Agora não tinha mais volta. Respondendo ao chamado, crianças olhavam atentamente para o ceu buscando as duelistas que fariam o show, prontos para assim que houvesse um vencedor correr atrás dos espólios que cairiam lentamente.
A tensão começava a se construir. O garoto da linha chilena, dono de uma pipa feita de papel de seda amarelo ouro com estrelas verdes e uma rabiola de sacos plásticos variados olhava com apreensão os movimentos do adversário. Não queria um confronto tão próximo de sua rua, pois sabia que os carniceiros iriam atrás dos despojos do derrotado com fúria destrutiva.
O rival, provocou o embate num desafio calculado, ao menos em sua cabeça. Sua pipa era feita de saco de supermercado, humilde, mas podia voar na chuva tranquila. Seu cerol estava grosso, mas tinha certeza que era suficiente para derrubar a adversaria. Queria ver a decepção de todos ao recolher a pipa cortada com a nova manobra que tinha treinado e um segredo na rabiola.
Então, o desenrolar foi o seguinte: as primeiras investidas foram buscando uma à outra no céu, aproximando e afastando antes do enrosco propriamente dito. Na primeira vez que as linhas se cruzaram não se cortaram, mas o puxão foi fortíssimo, quase machucando as mãos calejadas que faziam os movimentos frenéticos. Na segunda vez, a linha chilena se rompeu.

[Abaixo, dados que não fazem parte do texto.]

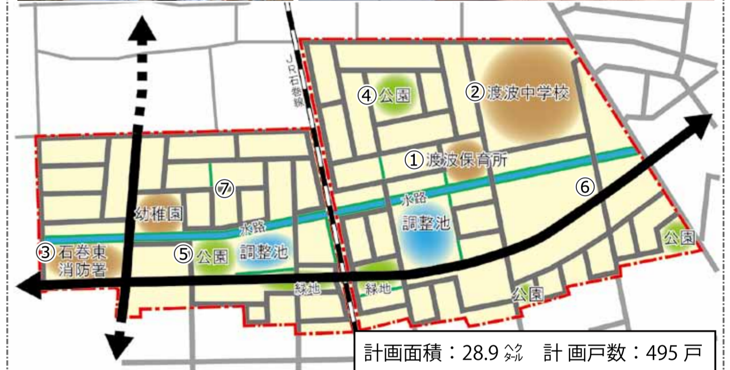
計画面積：28.9 畝 計画戸数：495 戸
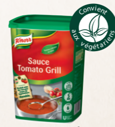
Tomato Grill 6 x 900 g • jusqu'à 6 L 3011360041180
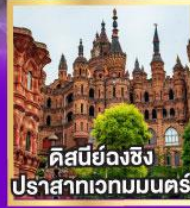
คิสนี่ยองฉิง ปราสาทเวกมมนคร
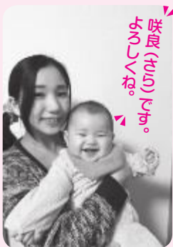
妹(わが)ちゃん。おめでとう。

日々成長する姿を見ることができて、幸せを感じております。教室がある日は両親に娘を見てもらい、生徒の皆さんと体を動かす事はとても気持ち良く、ちよつと良い息抜きをしながら娘と成長したいです。
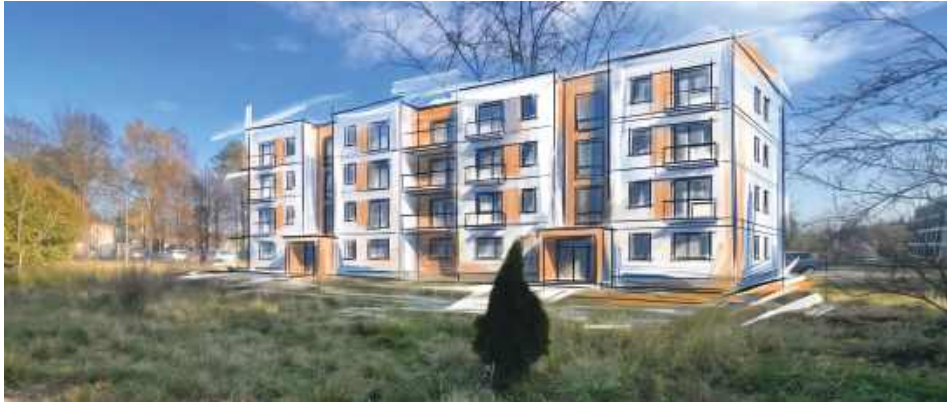
Po latach oczekiwania i licznych komplikacjach inwestycja Społecznej Inicjatywy Mieszaniowej w Tomaszowie Lubelskim wchodzi w kolejny etap. Na zdjęciu potencjalna zabudowa w Tomaszowie.

Spółka SIM Lubelskie poinformowała o rozstrzygnięciu przetargu na opracowanie koncepcji oraz pełnej wielobranżowej dokumentacji projektowo-kosztorysowej dla budynku mieszkalnego wielorodzinnego, który ma powstać przy Alei Sportowej w Tomaszowie Lubelskim.
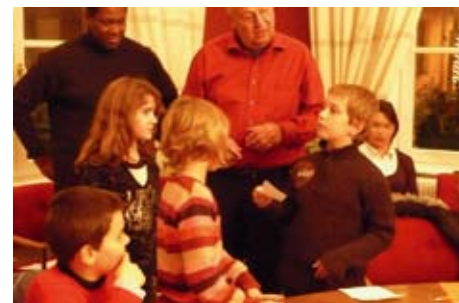
le suspense du dépouillement

pour 4 ou 5 places à pourvoir suivant les classes il y a eu 8 ou 9 candidats ou candidates. Le nombre de candidat(e)s des collèges était lui en ligne avec le nombre de places. L'engagement équilibré des filles et des garçons est un bon exemple.
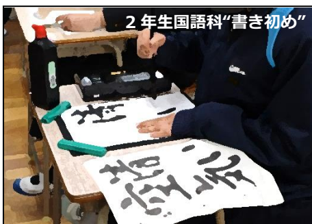
2 年生国語科“書き初め”

伝統は、人の思いの積み重ね。先輩達が残してくれたものを引き継ぎつつ、チャレンジするんだぞ。待っていても、文句を言っても何も変わらない。楽しみたいなら自分たちで考える。ルールは従うより、創る方がおもしろい。ますます自主性あふれる田代中を力を合わせて創っていけよ！
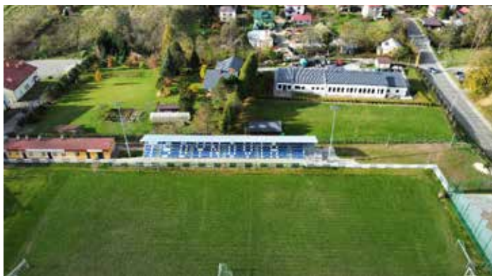
stadion miejski wraz z nową trybuną dla widzów
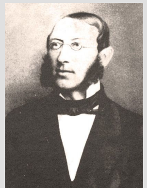
Georg Weerth (1822-1856)

Grabbe-Gesellschaft e.V. Bruchstr. 27 D-32756 Detmold
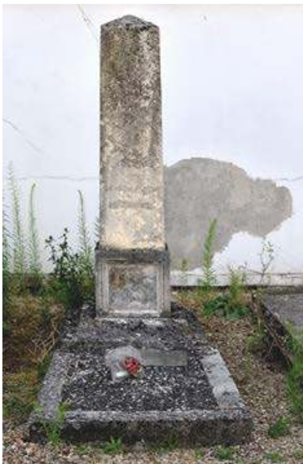
Fig. 3 : La tombe de Jeanne Moyaux au cimetière municipal de Bagnaux (photographie de Françoise Monfrin, 4 juillet 2018). Crédits photographiques : Françoise Monfrin.

Des funérailles au tombeau, l'hommage à la petite fille est avant tout celui rendu par la communauté. Elle est distinguée par-delà la mort par la monumentalité de sa tombe qui s'offre aux regards de tous dans l'espace du cimetière.

As crianças na rua dispararam atrás da pipa que caía solta, enquanto o outro duelista recolheu sua linha o mais rápido possível para tentar passar embaixo da outra. Olhando com um sorrisinho vitorioso para o derrotado, disse:
- Saca só vacilão!
Com um movimento forte, puxou a linha fazendo sua pipa subir e encaixar um pequeno gancho feito de clipe de metal na armação da derrotada.
As crianças que estavam correndo pararam, impressionadas. O agora dono das duas pipas recolhia a linha orgulhoso de ter conseguido a manobra. O derrotado recolhia sua linha menos desapontado consigo mesmo. Havia perdido para o melhor, ao menos.
Tudo havia acabado. Agora era aproveitar o final de tarde até a hora que as mães começariam a chamar seus respectivos, ignorando os acontecimentos do microverso contido em meia dúzia de CEP's.
Até que a linha da pipa vitoriosa estourou.
Por um momento, a maioria estacou, embasbacado demais com o acontecido para reagir. Mas logo a urgência tomou conta e crianças de outras ruas correram para pegar a agora duplicada oportunidade em queda livre.
Depois de recolherem suas linhas, os confrontantes originais se olharam. Houve raiva, frustração e depois calma. Riram do que aconteceu, o Sol se pôs e a vida seguiu.